# Brother printer installation



## philo_neo (May 12, 2013)

Hi,
I have a brother DCP195C printer, i search driver for freebsd 9.1-p3,
i'm try with cups php admin tools but there are not driver for brother,
the printer has linked by usb device.
And i want to shared the printer trouth the network.

Hi,

I have a Brother DCP195C printer. I search the driver for FreeBSD 9.1-p3. I'm trying with CUPS PHP admin tools, but there are no drivers for Brother. The printer is connected via USB and I want to share the printer over the network.

Regards
Phil


----------



## tingo (May 12, 2013)

As always, please check the openprinting.org database, preferably before buying a printer. The Brother DCP-195C isn't even listed at openprinting.org, and doesn't turn up in Google searches either.

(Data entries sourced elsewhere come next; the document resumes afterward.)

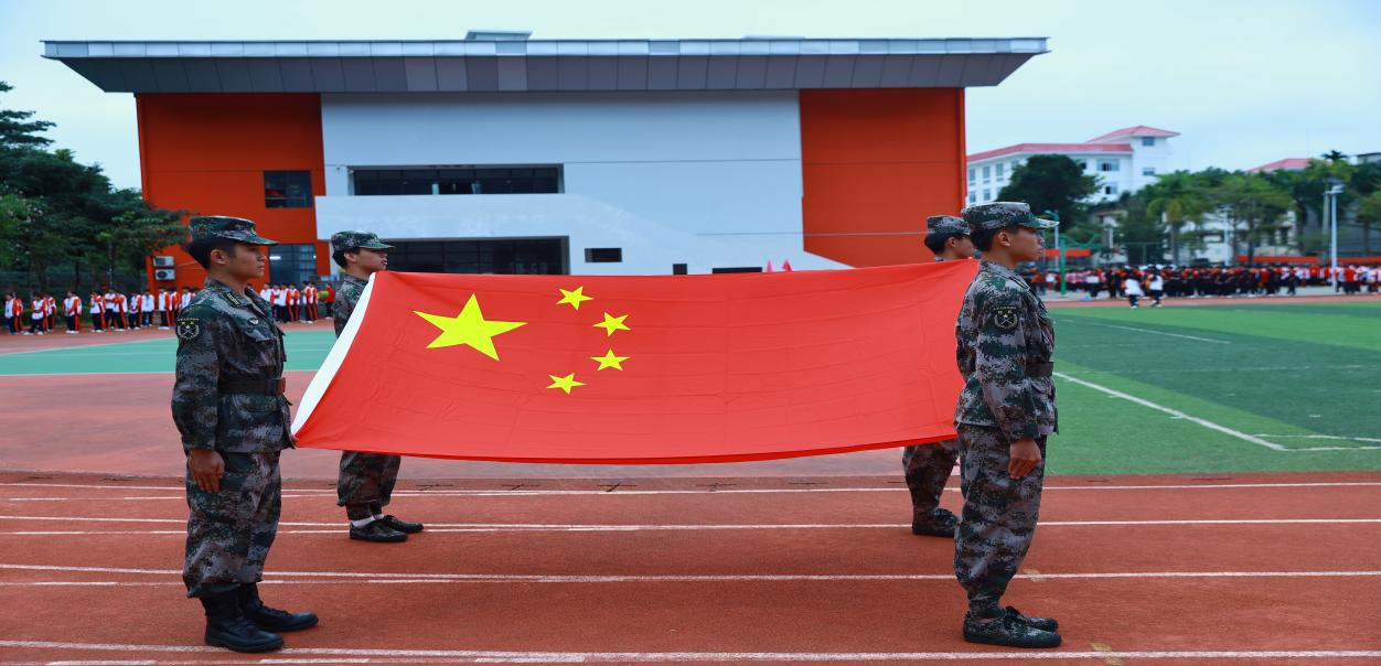 国旗护卫队队列整齐,迈着有力的步伐,护卫着国旗步入升旗台。伴随着雄壮激昂的《义勇军进行曲》,鲜艳的五星红旗冉冉升起。全体师生庄严肃立,奏唱国歌,向国旗行注目礼。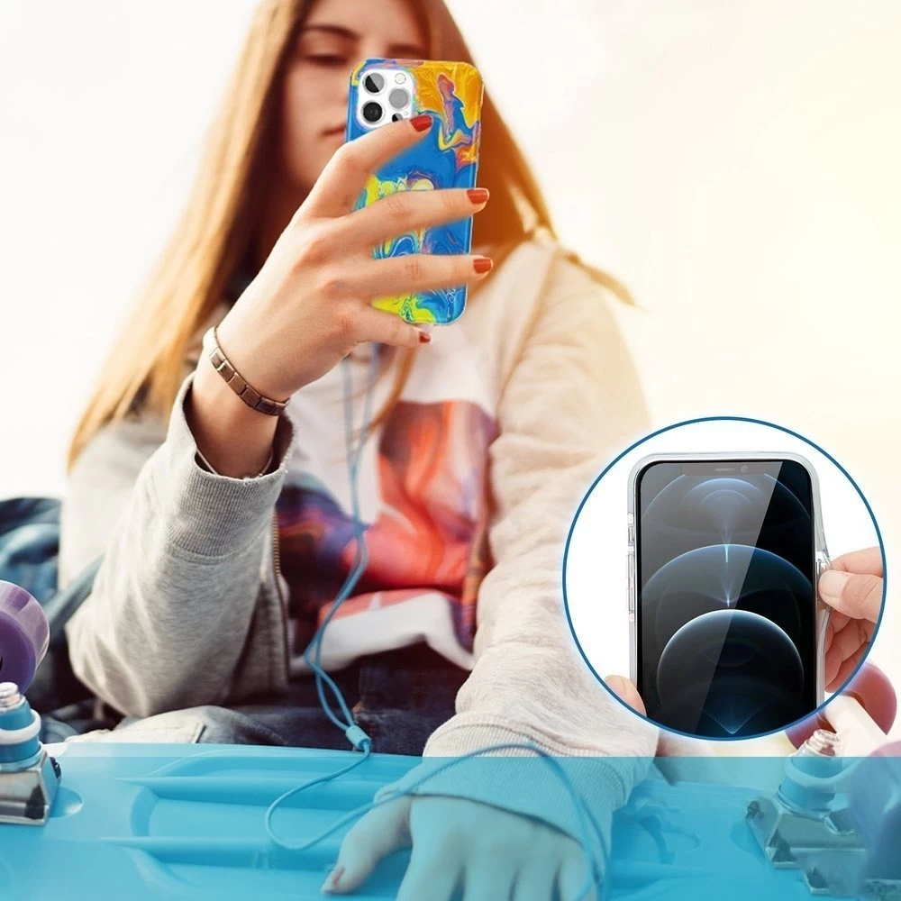 • Kingxbar Watercolour Series kolorowe etui do iPhone 12 Pro Max żółtoniebieski
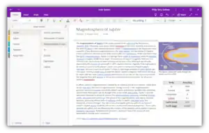 Microsoft OneNote is a note-taking program for free-form information gathering and multi-user collaboration. It gathers users' notes, drawings, screen clippings, and audio commentaries. Notes can be shared with other OneNote users over the Internet or a network. OneNote is available as part of the Microsoft Office suite,[7] it is also available as a free, standalone app via the official website, the app stores of Windows 10, macOS, iOS and Android.[8] Microsoft also provides a web-based version of OneNote as part of OneDrive and Office for the web.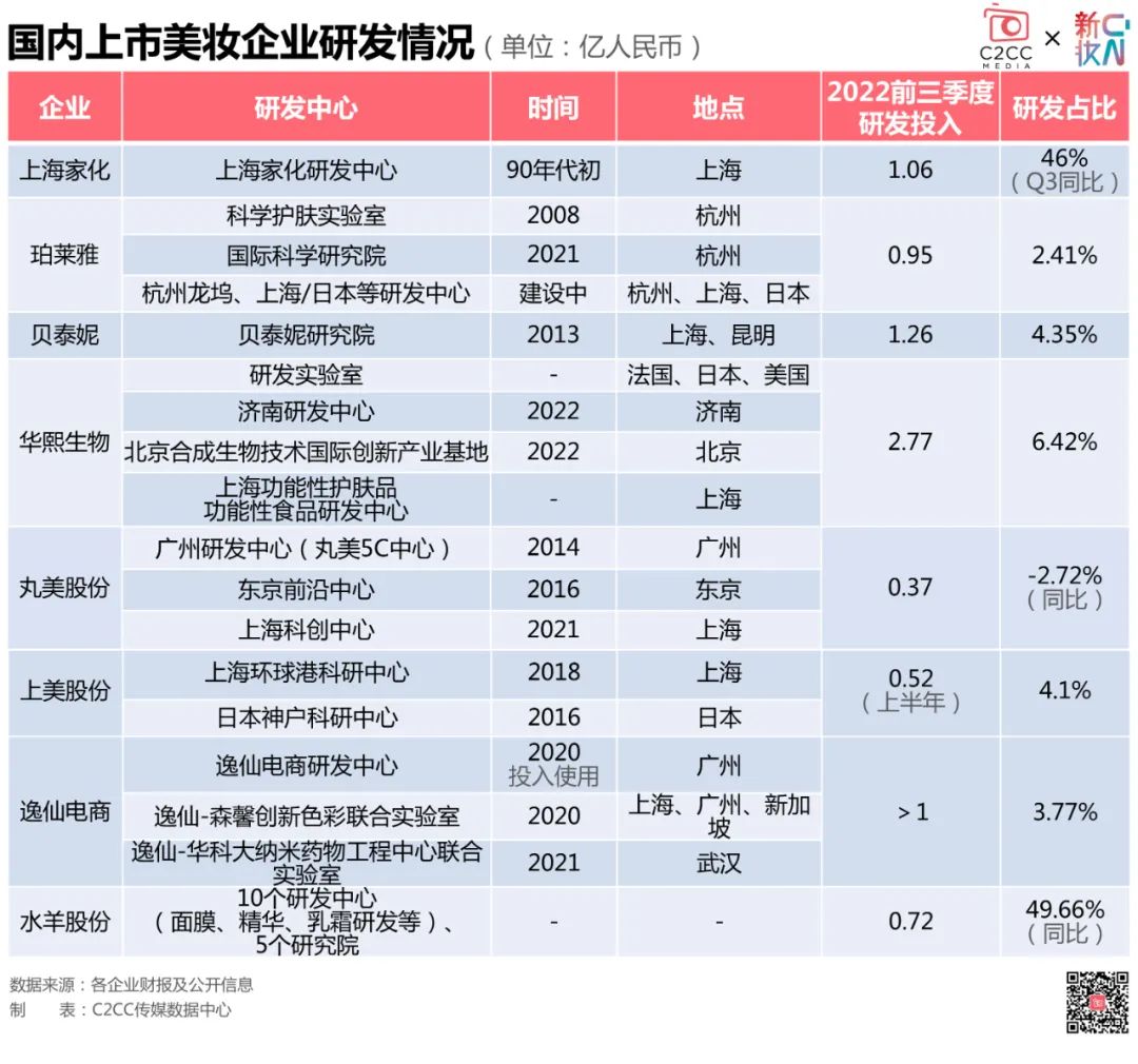 据C2CC传媒X新妆不完全统计,上海家化、贝泰妮、华熙生物、珀莱雅、丸美股份、上美股份、逸仙电商等国内美妆上市企业,都在研发上强势布局。在非上市公司中,如伽蓝集团、欧诗漫、百雀羚、花西子母公司宜格集团、环亚集团等头部国货企业,也都自建研发中心与研发平台,或依托科研院所设立合作实验室,搭建企业独特的研发体系。

In effect, you printer isn't usable with FreeBSD - it's a paperweight.
It might be possible to get it working with Linux, if you have a Linux machine in your network.


----------



## jalla (May 12, 2013)

If you download the linux drivers from Brother you can probably use them with a little bit of work.

A few notes on how to do this with some other models from Brother is here.


----------



## jem (May 17, 2013)

This printer, like my own Brother HL-1030, might be a so-called "winprinter".  This means that most of the intelligence is implemented in the driver software, which is usually only provided for Windows and maybe Mac OS.  The printer itself is a pretty dumb device and is almost useless without the drivers.

It's difficult to get such printers working with UNIX, although it's still possible to share such a printer over the network from a FreeBSD server, and access it using the TCP/IP printer port type on Windows clients.

I found the following useful when trying this in the past: http://www.kazame.net/2011/02/samba-with-lpr/


----------